We booked our trip without my reward number. I don't recall if I created the rewards account immediately after booking, or if I had forgotten that I had a reward account when I booked. Do you know if Amtrak allows people to get trips added to their reward account retroactively? This was an expensive trip so it would be a real bummer not to get the reward points from it.

Kirsty


----------



## pennyk (Jul 13, 2019)

Yes, you can phone Amtrak, speak to an agent and provide your reservation number and rewards number. The agent will add it to the reservation.


----------



## dogbert617 (Jul 14, 2019)

pennyk said:


> Yes, you can phone Amtrak, speak to an agent and provide your reservation number and rewards number. The agent will add it to the reservation.



That, and also there's a page on the AGR website where if you type in the date, train number, AGR member number, and reservation number(not sure if I forgot anything), a form where it'll get sent electronically to AGR, and you'll get those points added on late to your account.

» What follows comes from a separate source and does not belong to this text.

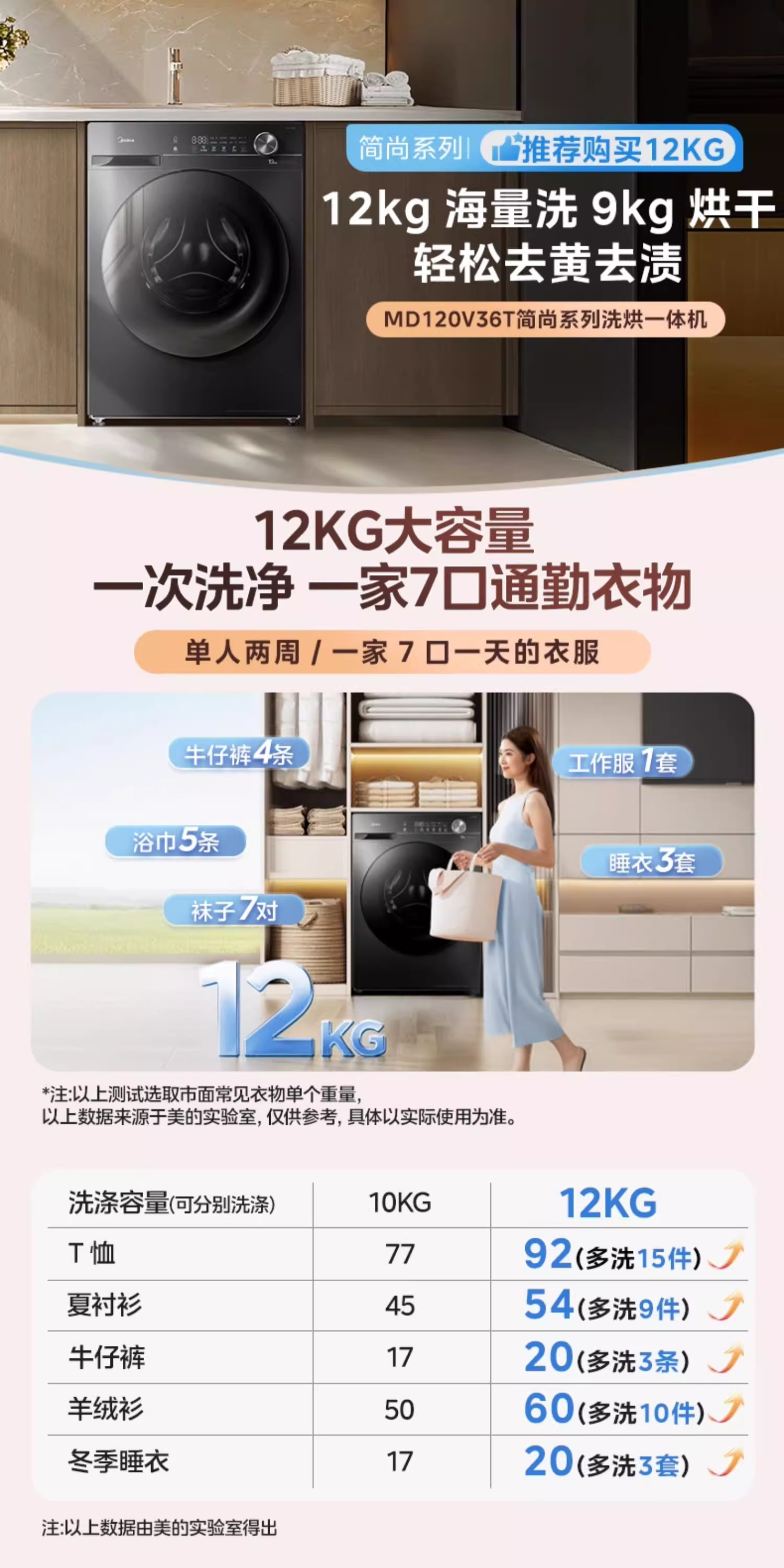 12/10kg滚筒洗衣机除菌全自动大容量家用洗烘一体36T

Also if you did remember to type in your AGR member number when originally doing a reservation(opposite of this situation I know), do NOT fear if the points from that trip don't immediately show up in your AGR account! It can sometimes take up to a week (as I saw), before you finally see those points from a recent trip show up in your AGR account.


----------



## me_little_me (Jul 14, 2019)

Just call now, speak to an agent and ask that it be added to your reservation. Sometimes Idon't have my wife's number available when I book a trip. I just call back before I travel and they add it. Once, I did it after the trip but then it takes longer to show up.


----------



## TinCan782 (Jul 14, 2019)

Within some time period (2 weeks?) you can add your AGR number to a completed trip.


----------



## tp49 (Jul 14, 2019)

Just had to do this today for a trip I took last week. You have between 7 and 120 days from the time you travel to request the missing points through the Missing Points Request form on the Amtrak website.


----------